The fitting pipeline typically includes:

1. **Size factor** estimation (library-size normalization)
2. **Gene-wise dispersion** estimation
3. Dispersion **trend** fitting and **prior** estimation
4. **MAP dispersion** shrinkage
5. **Log2 fold change** fitting under the specified design
6. **Cook’s distance** outlier detection
7. Optional **refitting** after outlier handling (`refit_cooks=True`)

### Statistical testing and multiple testing correction

- `DeseqStats(...).summary()` runs **Wald tests** for the requested coefficient/contrast.
- Output columns commonly include:
  - `baseMean`: mean normalized expression
  - `log2FoldChange`, `lfcSE`, `stat`
  - `pvalue`: raw p-value
  - `padj`: **Benjamini–Hochberg FDR** adjusted p-value
- Use `padj < alpha` (commonly 0.05) for significance.
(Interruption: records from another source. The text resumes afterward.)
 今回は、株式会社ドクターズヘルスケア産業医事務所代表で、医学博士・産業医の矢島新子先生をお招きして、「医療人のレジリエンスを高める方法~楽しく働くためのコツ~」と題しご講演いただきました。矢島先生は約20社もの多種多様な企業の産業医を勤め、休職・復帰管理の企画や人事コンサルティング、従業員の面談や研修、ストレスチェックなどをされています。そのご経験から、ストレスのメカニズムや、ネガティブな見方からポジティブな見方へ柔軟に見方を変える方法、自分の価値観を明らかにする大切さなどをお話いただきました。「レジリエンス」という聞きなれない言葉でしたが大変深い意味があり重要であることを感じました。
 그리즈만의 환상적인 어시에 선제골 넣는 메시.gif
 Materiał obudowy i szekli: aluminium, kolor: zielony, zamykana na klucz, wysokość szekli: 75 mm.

### Contrast specification

- Format: `contrast=["variable", "test_group", "reference_group"]`
- Example: `["condition", "treated", "control"]` tests treated relative to control.

### LFC shrinkage (optional)

- `ds.lfc_shrink()` applies shrinkage to **log2FoldChange** for more stable ranking/plots.
- Shrinkage is intended for **visualization and prioritization**; statistical significance is still based on the (unshrunken) Wald test p-values.
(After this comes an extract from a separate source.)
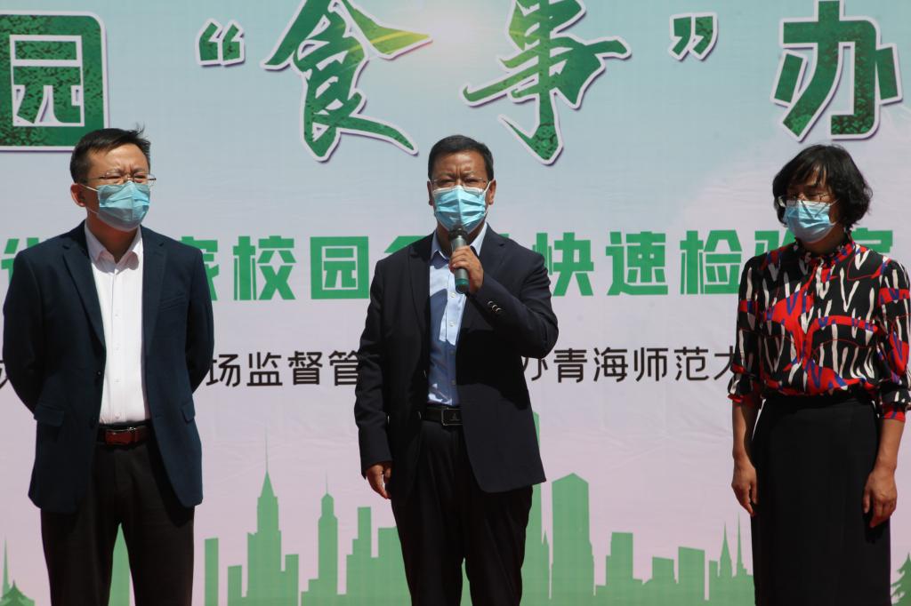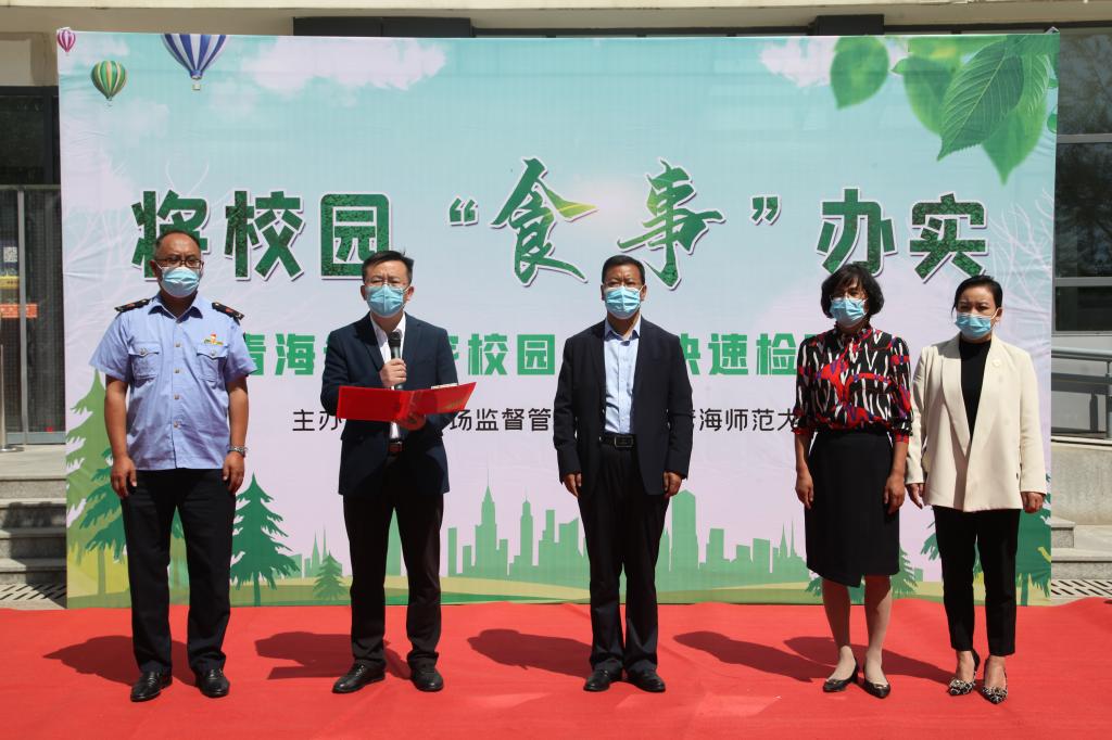 9月1日,校园食品快速检测室启动仪式在永利官网举行。城北区区委常委、副区长蒋轶彪,西宁市市场监督管理局副局长陈晓萍,城北区市场监督管理局副局长陈建明,永利官网副校长董占明,后勤管理处处长马占杰,副处长沈贵林参加了启动仪式。

### Notes on bundled references/scripts

If your repository includes them, use:
- `references/api_reference.md` for parameter/object details.
- `references/workflow_guide.md` for extended workflows and troubleshooting.
- `scripts/run_deseq2_analysis.py` for a CLI-style batch workflow (counts/metadata/design/contrast/output, optional plots).